FlatPress Admin Area admin.entry.list.php cross site scripting

Vulnerability

The vulnerability is a stored cross-site scripting (XSS) issue in FlatPress, affecting the file admin/panels/entry/admin.entry.list.php in the Admin Area. An attacker can inject malicious scripts into the entry list page via unsanitized user-controlled parameters. The issue is present in versions prior to the fix introduced by commit 229752b51025e678370298284d42f8ebb231f67f [1], [2].

Exploitation

An attacker with remote network access can craft a request containing malicious JavaScript code in the $_SERVER['PHP_SELF'] variable (formtarget) or other parameters such as entry, m, or y. No authentication is required to reach the vulnerable admin panel if the attacker can trick an admin user into visiting a crafted URL, or if the application is configured in a way that exposes the admin area without authentication. The attack is initiated remotely via HTTP requests [1], [2].

Impact

Successful exploitation allows the attacker to execute arbitrary JavaScript in the context of an administrator's browser session.
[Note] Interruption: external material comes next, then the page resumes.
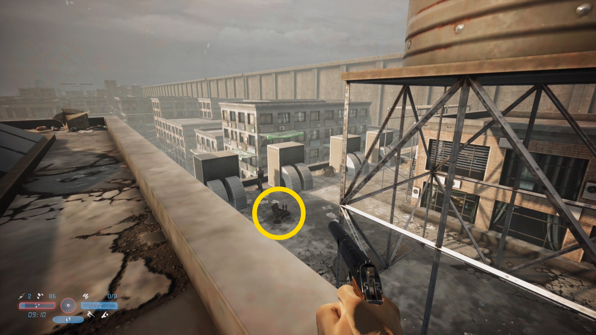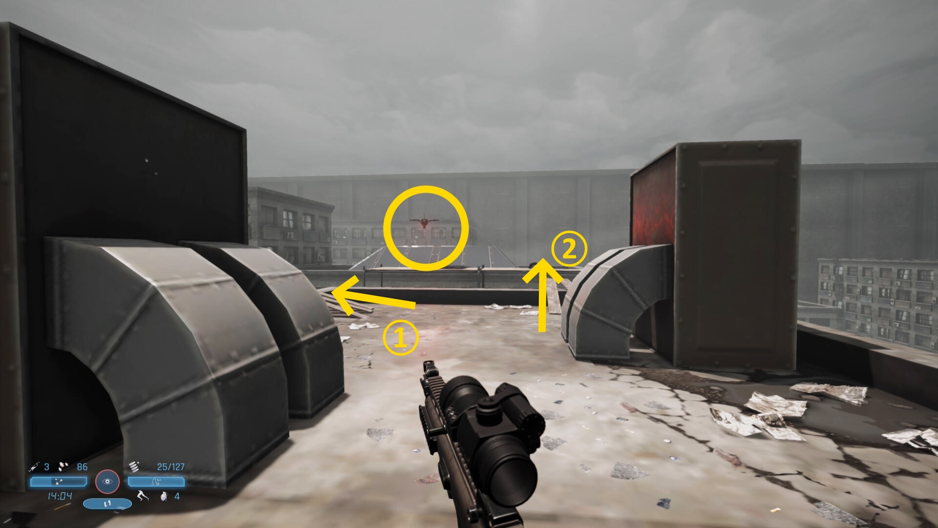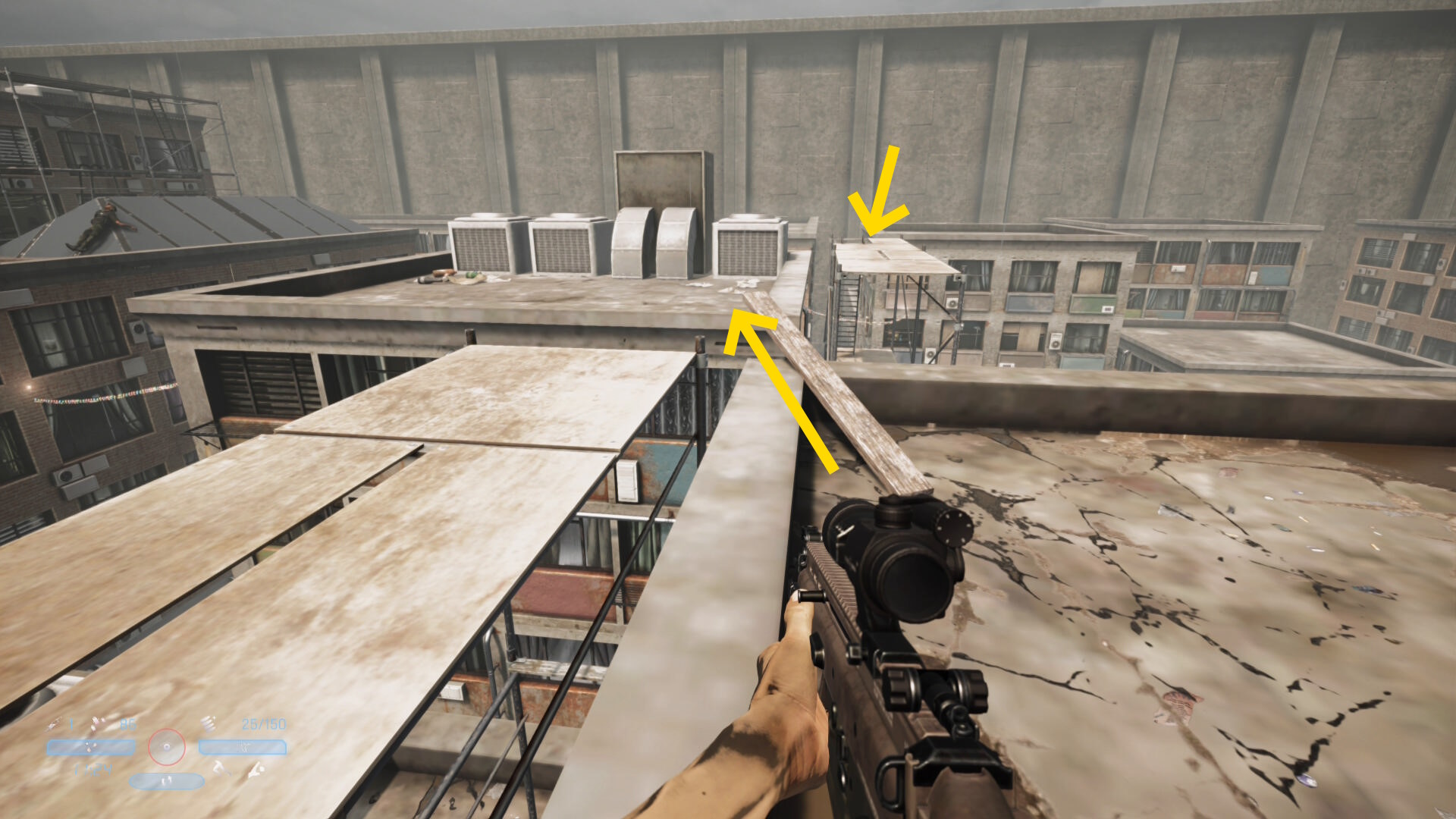 - 足場を登ると奥のビルの屋上に2人の敵が見える
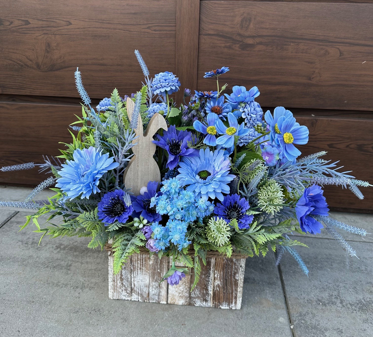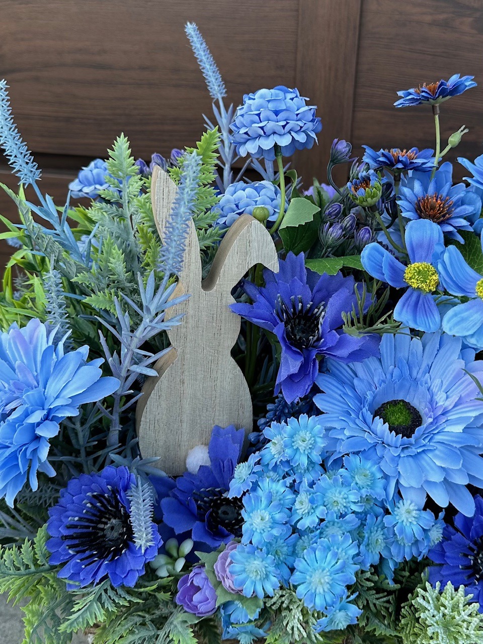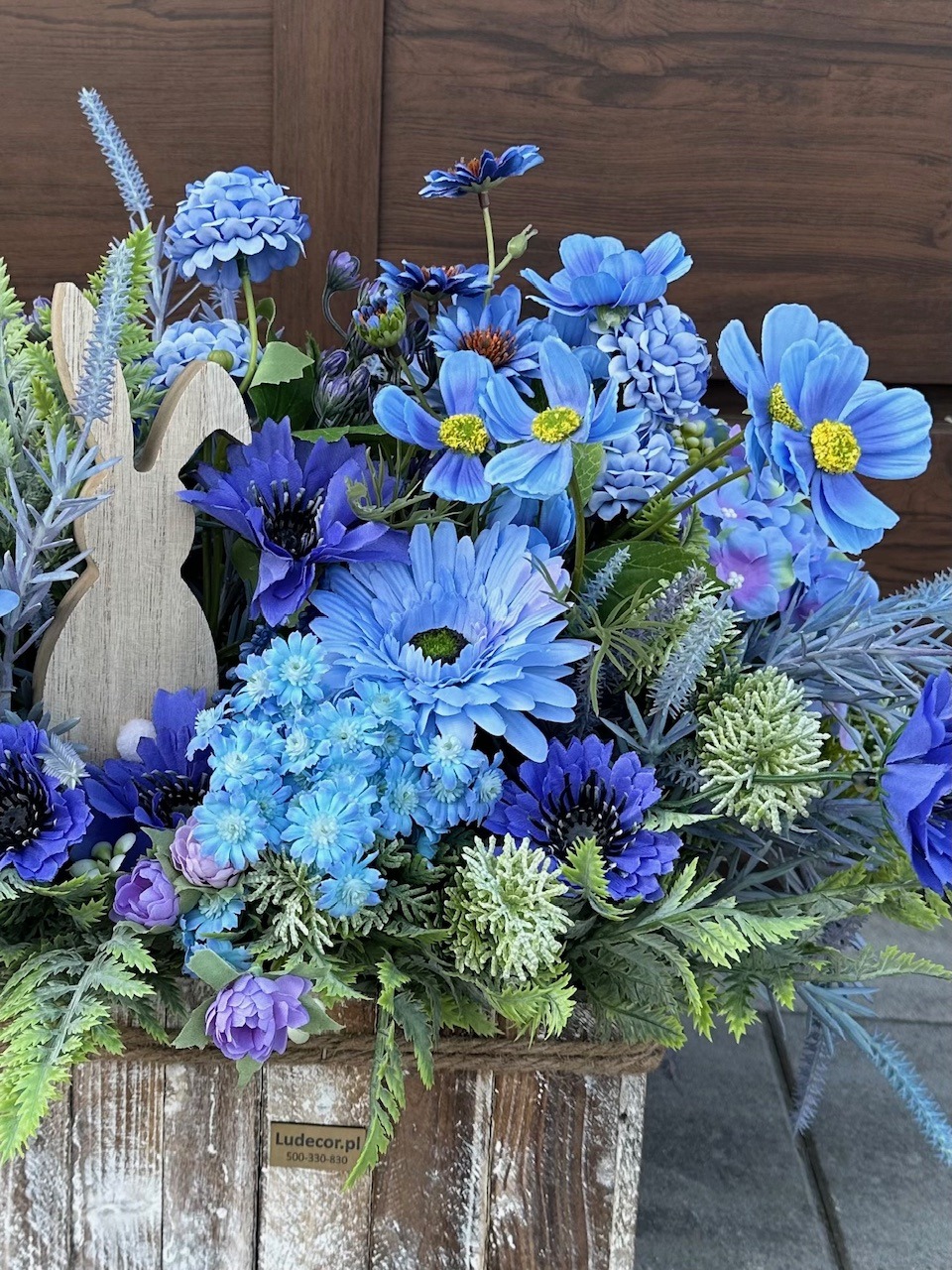 Dekoracja wielkanocna którą tworzą niebieskie kwiaty połączone z zielonymi gałązkami. Niewątpliwą ozdobą dekoracji jest drewniany zając – subtelny symbol Świąt Wielkanocnych, który dodaje dekoracji uroku i podkreśla jej świąteczny charakter.

This could lead to unauthorized actions, data theft (e.g., session cookies), or defacement of the admin interface. The impact is limited to the privileges of the admin user who is tricked into viewing the malicious input [1].

Mitigation

The patch commit 229752b51025e678370298284d42f8ebb231f67f (released on or before 2022-12-28) fixes the vulnerability by sanitizing user input using strip_tags() on $_SERVER['PHP_SELF'] and properly handling request parameters. Users should update FlatPress to a version that includes this commit. No workaround is detailed in the references [2].